According to Rabbi Soloveitchik “the required response to the shofar is the abrupt, tragic realization that the false assumptions upon which we built our lives have come crashing before our eyes.”
The wakeup call is meant to say, “Jew! How far have you strayed from your connection with God? How have you allowed all the material and trivial pursuits to consume your existence?”
We do not know how to express remorse or regret over our inadequacies. Even the chazzan who leads the service cannot find the right words; they are given to him in the form of the “Hi’n’ni” prayer, through which he describes himself as a pauper of deeds who is unworthy of representing the congregation. (It’s nice to say it along with him - he’s not the only one pretending to be something he is not.)
Rabbi Soloveitchik asks, why does the story of the pagan mother of the general Sisera crying over her son who has not returned from the battlefield form the basis for our hearing 100 blasts from the shofar on Rosh Hashana (based on Tosafot in Rosh Hashana 33b)?
He answers that the shofar must cause us to experience a similar emotion. “We must witness our own illusions being relentlessly shattered,” Rabbi Soloveitchik explained.
The Jerusalem Talmud Rosh Hashana (Chapter 1, page 57 Halakha 3) describes the reason for a custom to wear white on Rosh Hashana: a confidence that we have coming into the court room of the Almighty.

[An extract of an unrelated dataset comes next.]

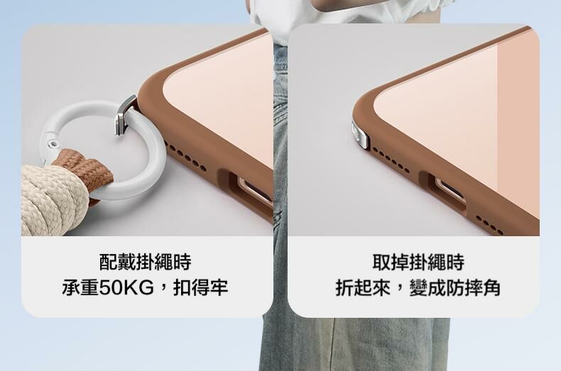 -四功能合一,鋁合金隱形邊角掛繩,翻開可掛,合上成為防摔邊角

Whether one actually wears white or actually has such confidence, the fact of the matter is that Rosh Hashana is such a serious day, that even though we remind ourselves it is the Judgment Day (Yom HaDin), and the Day of Remembrance (Yom HaZikaron), we need the shofar to wake us up regardless because in our human imperfection, we still don’t “get it.”
New Year’s resolutions don’t work. Commitments to change don’t usually last more than 10 minutes past Rosh Hashana or Yom Kippur.

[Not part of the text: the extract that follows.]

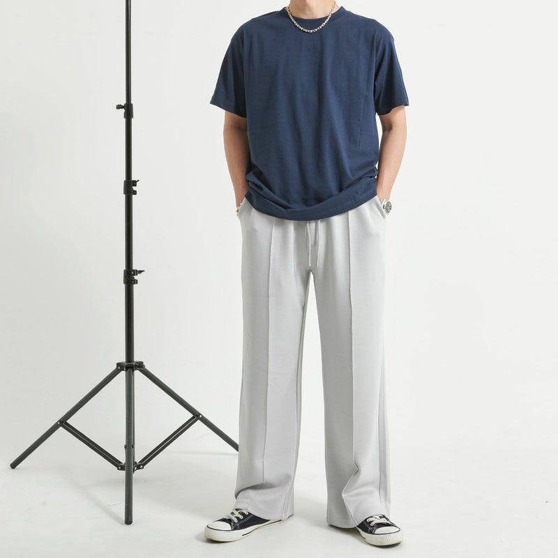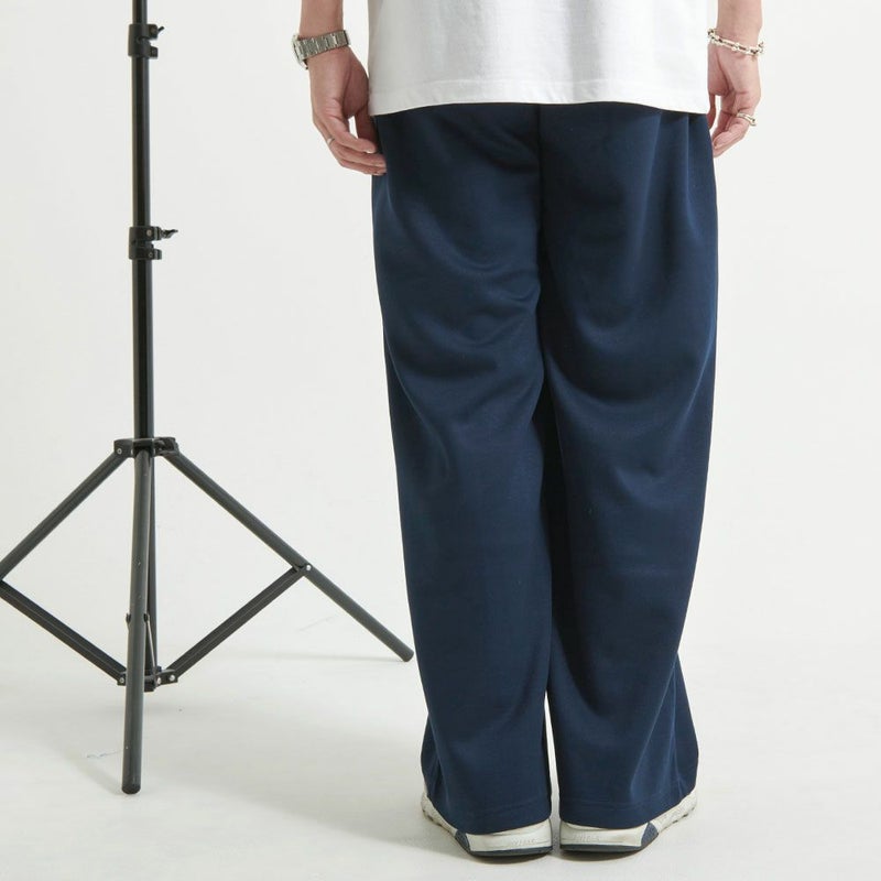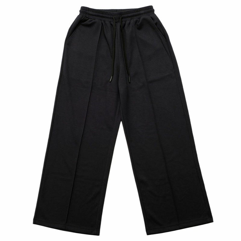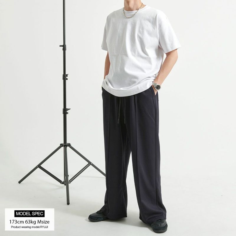 全体はリラックス感のあるワイドシルエットながら、中央に折り目をつけたセンタープレス仕様で、 野暮ったく見せず、すっきりとした印象を演出。

Yet we come back every year to hear the shofar, hoping we will finally be moved and inspired to move on to the next stage of our lives and Jewish experiences.
Let us try an experiment this year. We only have one chance because the shofar will only be sounded on Sunday.
Let us experience the shofar like we never have before. Instead of thinking about how good the shofar blower is (or is not), let us be grateful that he can get 100 blasts out of the shofar.
And now we can focus on how the sound of the shofar is meant to remind us of our own inadequacies
When we hear the shofar, let us think for a moment about how it shatters our dreams. Let us think for a moment, that as wonderful as we are, we could be better. Let us think for a moment, that as much as we do, we could be doing more. Let us think for a moment, that even the greatest confidence can benefit from a little bit of healthy “what if”-ing.
The shofar is there to remind us. Hopefully we will hear and heed the call.